-- RECORDS FOR THIS EXERCISE follows --
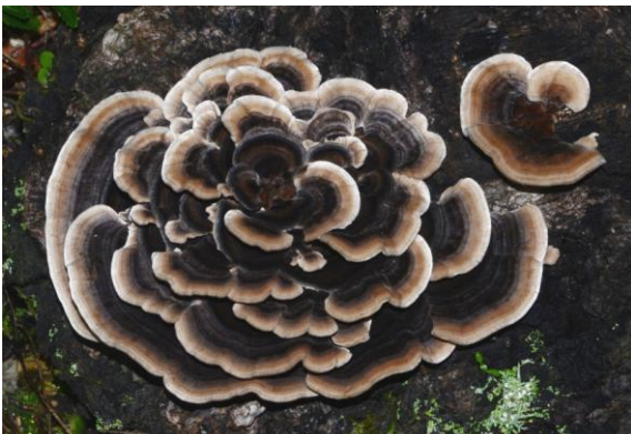
Trametes versicolor (Tramète versicolore, Tramète de couleur variable)
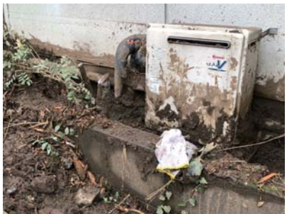
泥水で給湯機が故障
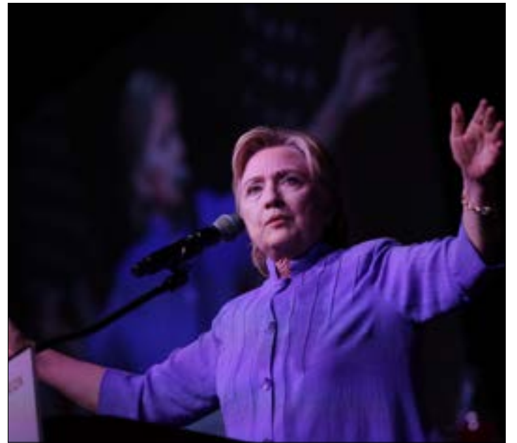
حققت مع كلينتون لاستخدامها بريدها الشخصي حين كانت وزيرة للخارجية

شكل التحقيق الذي أجراه الـ«أف بي آي» مع المرشحة الديموقراطية للانتخابات الرئاسية الأميركية هيلاري كلينتون، فصلاً جديداً من فصول الأخذ والرد والأحداث التي تجري على هامش هذه الانتخابات، بانتظار مؤتمري الحزبين الجمهوري والديموقراطي، اللذين سيعقدان في آخر الشهر الحالي لإعلان المرشحين الرسميين، وبعده بانتظار الفصول الأخرى التي تسبق الانتخابات العامة التي ستجري في الخريف. وكانت كلينتون قد أدلت، السبت، أمام محقق مكتب التحقيقات الفيدرالي بروايتها في شأن استخدامها لبريدها الإلكتروني الشخصي، حين كانت وزيرة للخارجية، الأمر الذي عبّر عنه المتحدث باسم كلينتون، نيك ميريل، بالقول إن هيلاري
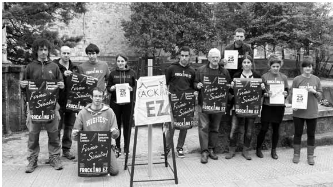
Frackingaren kontrako mugimenduko kideak, Pinondon, prentsaurrekoan.

EH Bilduren iritziz, hauteskundeak testuinguru latzean datoz: “Zerbitzu publikoak murrizten eta eskubide sozialak deuseztatzen ari dira etengabe; horren ondorioz, milioika pertsona langabezia, etxe desjabetzeak, ezegonkortasuna, pobrezia eta bazterketa soziala sufritzen ari dira”. Horren aurrean, “herrien autodeterminazio eskubidearen defentsa argia egin eta Europar Batasuneko eredu sozioekonomikoa aldatzeko ardura” hartuko duela dio.
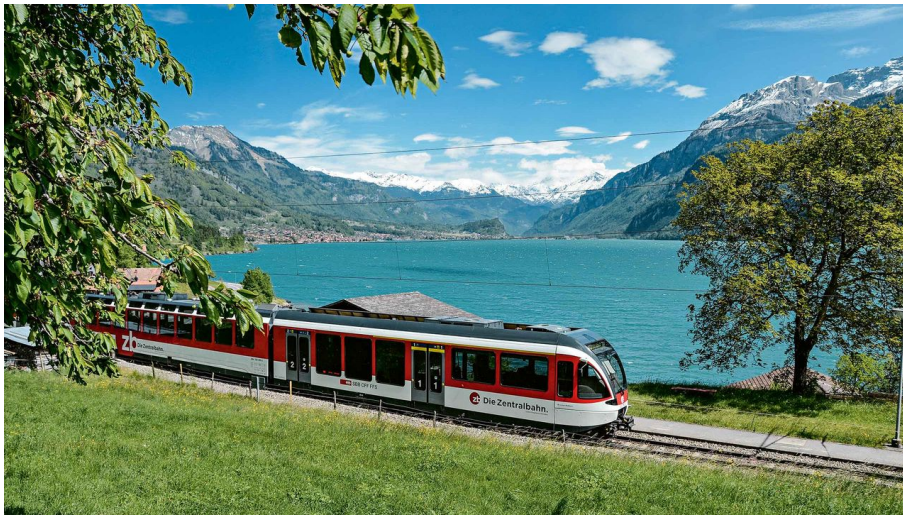
zentralbahn-brienzersee-ebliigen-zug.jpg
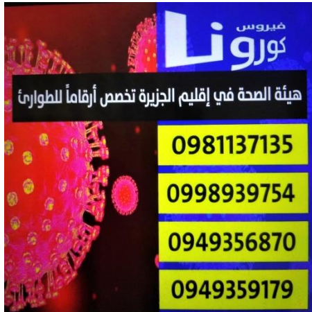
Der noodnummers voor het coronavirus.

De Democratische Federatie van Noord-Syrië heeft sinds 1 maart 2020 de grenspost tussen Irak en Rojava in Faysh Khabur gesloten 4 . De wegen tussen de zones van het regime en Rojava zijn eveneens onder controle. De straten worden gedesinfecteerd en een lock-out werd ingesteld van 23 maart tot en met 21 april. Newroz, het Koerdische Nieuwjaar dat op 21 maart wordt gevierd, is afgelast. Informatiecampagnes werden opgezet onder meer in de vluchtelingenkampen, enerzijds over de toe te passen hygiënische praktijken en anderzijds over de ontwikkeling en de transmissie van het virus. Vier noodnummers zijn beschikbaar. Twee bijscholingscentra werden opgericht voor artsen en verplegend personeel. Ze zijn gelegen in Hasake en Qamîşlî. Om het tekort aan medisch materiaal op te vangen worden beademingstoestellen en maskers gemaakt in het kanton Cêzîreh. Rojava beschikt immers maar over 27 beademingstoestellen 5 . In de komende dagen worden twee centra ingericht om de besmette personen in quarantaine te zetten. Heyva Sor stelt 120 bedden ter beschikking en het gezondheidscomité 200.
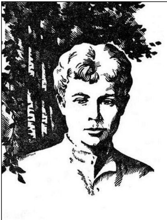
Сергей Александрович ЕСЕНИН – русский поэт (1895-1925)
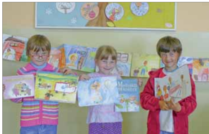
Tí najlepší z I. B
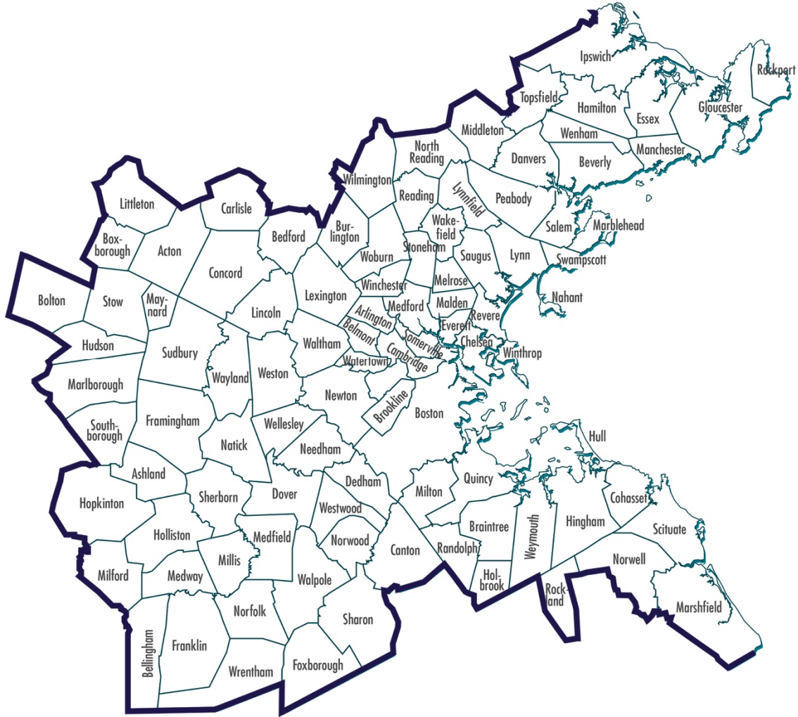
波士頓地區的城市

MPO 委員會由 22 名有投票權的成員組成。當中幾個州立機構、地區組織和波士頓市是永久投票成員；另外會選出 12 個城市作為投票成員，期限為 3 年。8 個城市成員代表波士頓地區的 8 個分區，另外還有 4 個全區市政席位。聯邦高速公路管理局 (FHWA) 和聯邦捷運局 (FTA) 在 MPO 委員會擔任顧問（無投票權）成員。附錄 F 會有關於 MPO 永久成員的詳細資料。
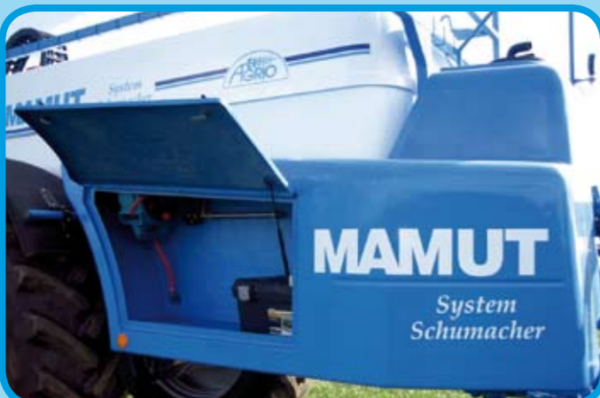
Großer Frischwasserbehälter mit integriertem Stauraum und Außenwaschanlage
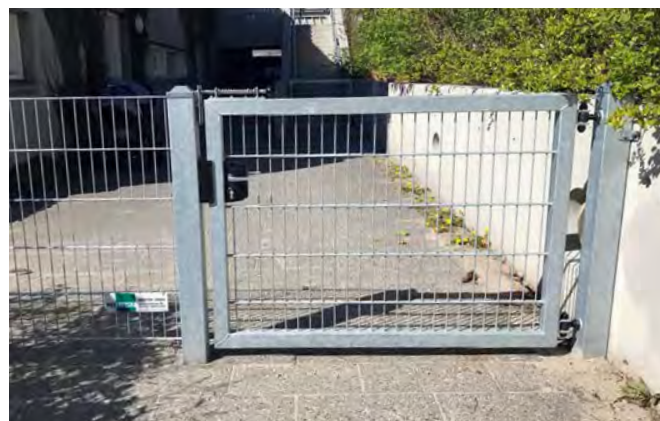
Børnehavelåger med ekstra børnesikring f.eks. fjederlås
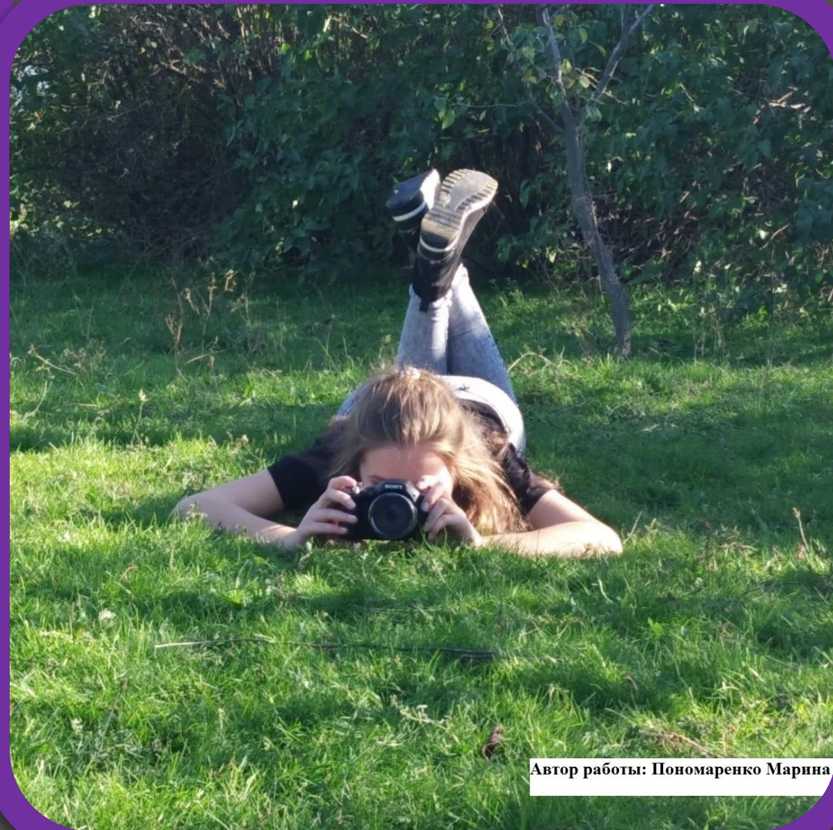
Автор работы: Пономаренко Марина
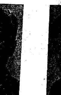
Europa's grote drie: Bevin, Molotof en Bidault.

Spanje, de uitgeworpene De ministers van buitenlandse zaken van Frankrijk, Groot-Brittannië en Rusland zijn gisteren tenzij men gekomen om een gezamenlijk antwoord op te stellen op het programma van minister Marshall betreffende de wederopbouw van Europa met Amerikaanse hulp. De eerste bijeenkomst duurde tot 11 uur. Klokslag 18 uur arriveerde Bevin, de Engelse minister van buitenlandse zaken, aan de Quai d'Orsay, waar hij door Bidault ontvangen werd. Daarna reed de grote auto van Molotof (Sowjet-Unie) voor. Molotof was vergezeld van 6 leden der Sovjet-russische delegatie. Vele fotografen verschenen om een van de belangrijke persoonlijkheidsvereniging in de voorhal van het ministerie, op de gevoelige plaats vast te leggen. Bidault maakte met een grappig excuus voor de warmte, die zijn gasten te Parijs moeten verdragen, en ging hen vervolgens voor naar de „salon des Perreguets” („Papagaaienkamer”), waar de besprekingen onmiddellijk een aanvang namen.
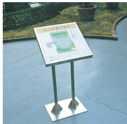
屋上庭園の案内サイン
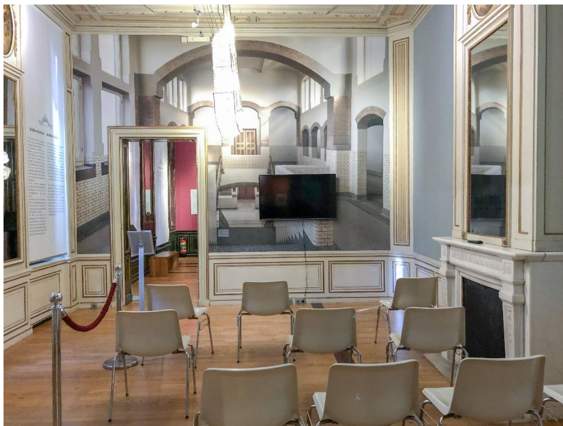
De filmzaal, met prints aan de muur van de binnenkant van Eschers middelbare school

Aan de muur zie je grote fotoprints van de binnenkant van Eschers middelbare school.
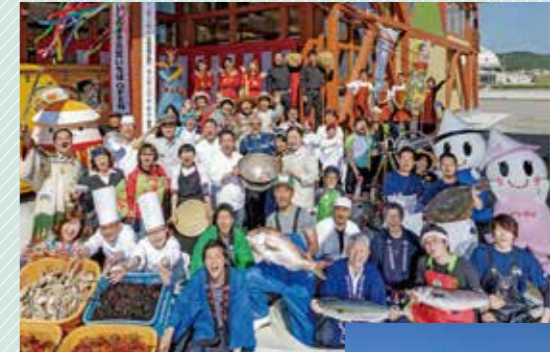
いしのまき元気いちば
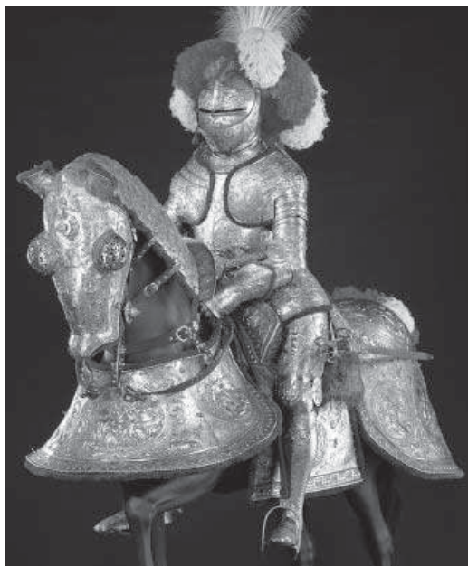
5. Eliseus Libaerts et atelier anversoïsois, « armure d'Hercule » et barde équestre d'Erik XIV de Suède, 1563, Dresde, Staatliche Kunstsammlungen, Rüstkammer.

Quelque dix ans avant la série d'articles de Thomas, la question de la paternité et des lieux de création de ces armures « dans le goût français » avait été rendu encore plus complexe par la publication en 1945, sous la plume des érudits suédois Cederström et Steneberg 12 , d'une étude consacrée à l'écu en cartouche du château de Skokloster. Ils comparèrent le décor de cette pièce prestigieuse à celui d'une armure alors conservée au sein des collections du Livrustkammaren à Stockholm et mentionnée dans les comptes des dépenses du roi de Suède Erik XIV en 1562 (fig. 5). Ces archives inédites ont révélé que le souverain avait commandé trois armures et trois bardes de cheval dont la livraison s'était avérée problématique : après avoir reçu en 1562, soit un an après son avènement, une première armure, le monarque avait demandé à son fournisseur l'exécution de deux armures supplémentaires et d'une somptueuse barde équestre, dans la perspective d'une union avec Elisabeth I re d'Angleterre dont il avait sollicité la main. Embarqués par mer, les deux armures, l'armurier et ses aides furent capturés en septembre 1565 par les Danois, alors en guerre contre les Suédois, et l'artisan dut attendre plusieurs mois avant de revoir sa ville natale 13 . Les deux armures, enfin rendues à leur auteur,
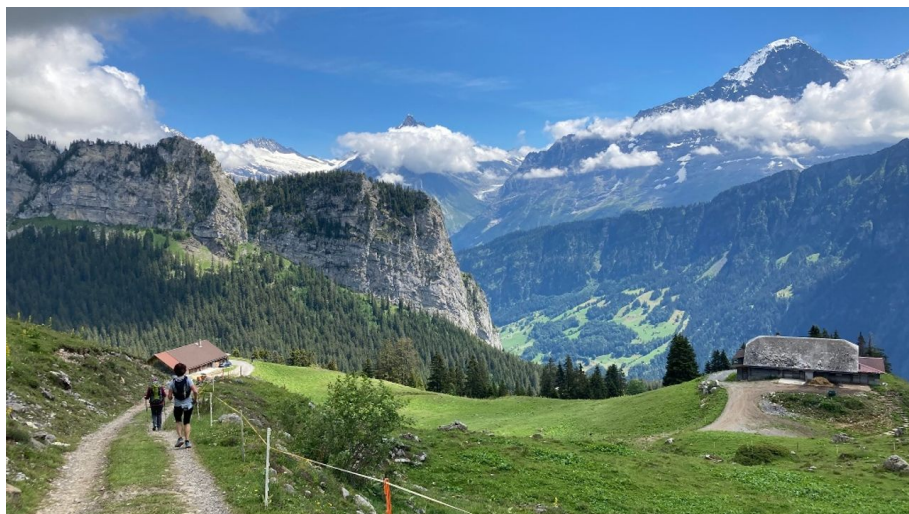
Markus Schlupep, Berner Wanderwege
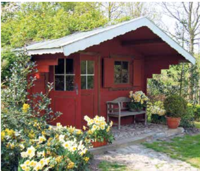
Wir genießen die stärkere Sonneneinstrahlung im Frühling und freuen uns an Austrieb und Blüte der Pflanzen.

„Viele unserer Kundinnen und Kunden kennen inzwischen die Regel: Wenn die Forsythien blühen, werden die Rosen geschnitten“, berichtet Armin Knauer und ergänzt: „Hierbei ist wichtig zu wissen, dass im Zeitraum vom 1. März bis zum 30. September laut Bundesnaturschutzgesetz auch in privaten Gärten nur ein schonender Form- und Pflegeschnitt erlaubt ist, um brütende Vögel zu schützen.“
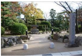
桶狭間古戦場伝説地
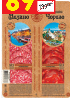
КОЛБАСЫ «ЧОРИЗО», «МИЛАНО» «Иней», с/к, нар., 100 г
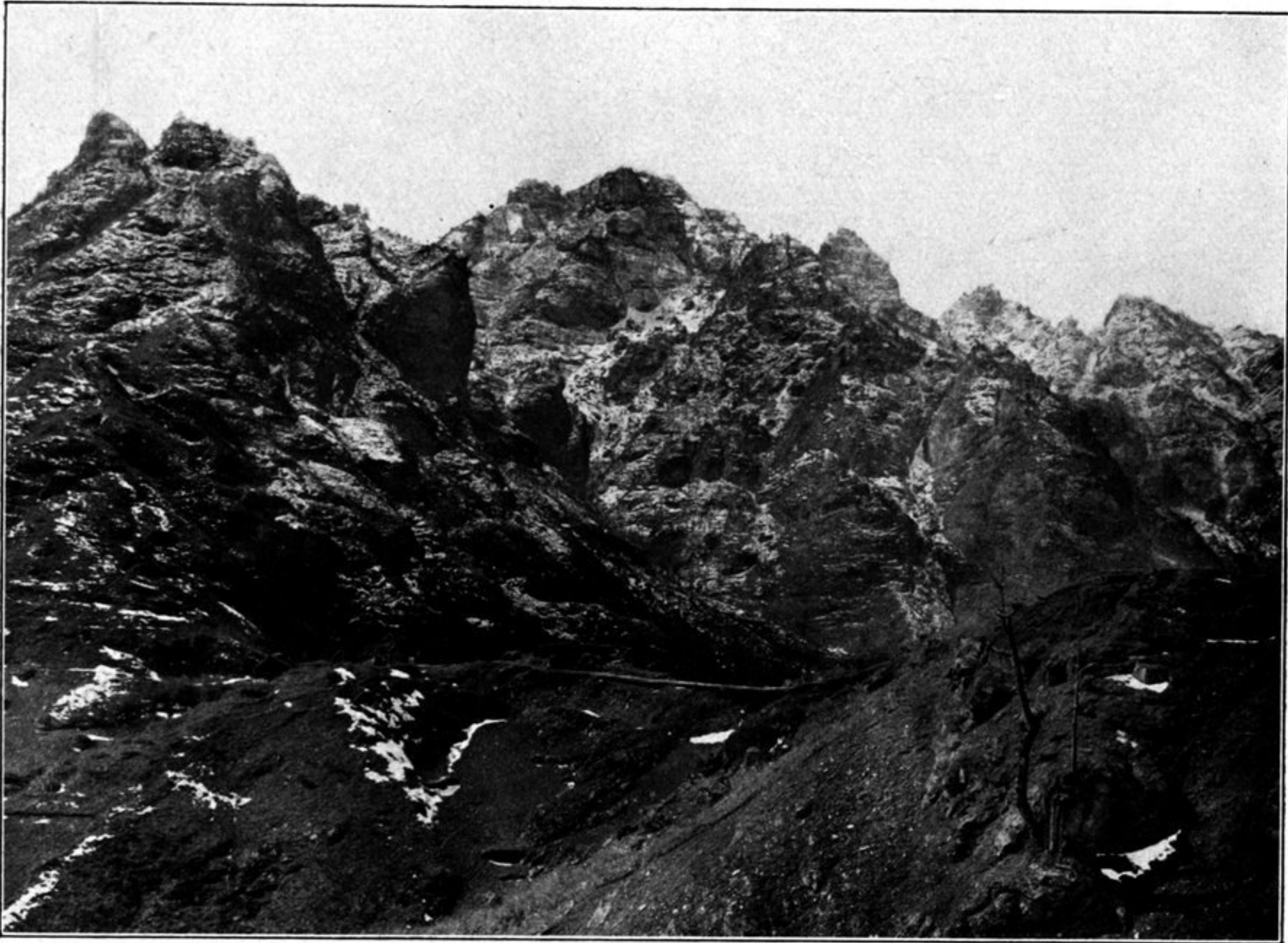
Gipfeltürme des Wu dang schan vom Wu ya ling gesehen.
-- RECORDS FOR THIS EXERCISE concluded --
**WORK INSTRUCTIONS**
A count is needed of the lines above that hold the word "binnenkant"; give that count and no other text.

**WRITTEN RESPONSE**
2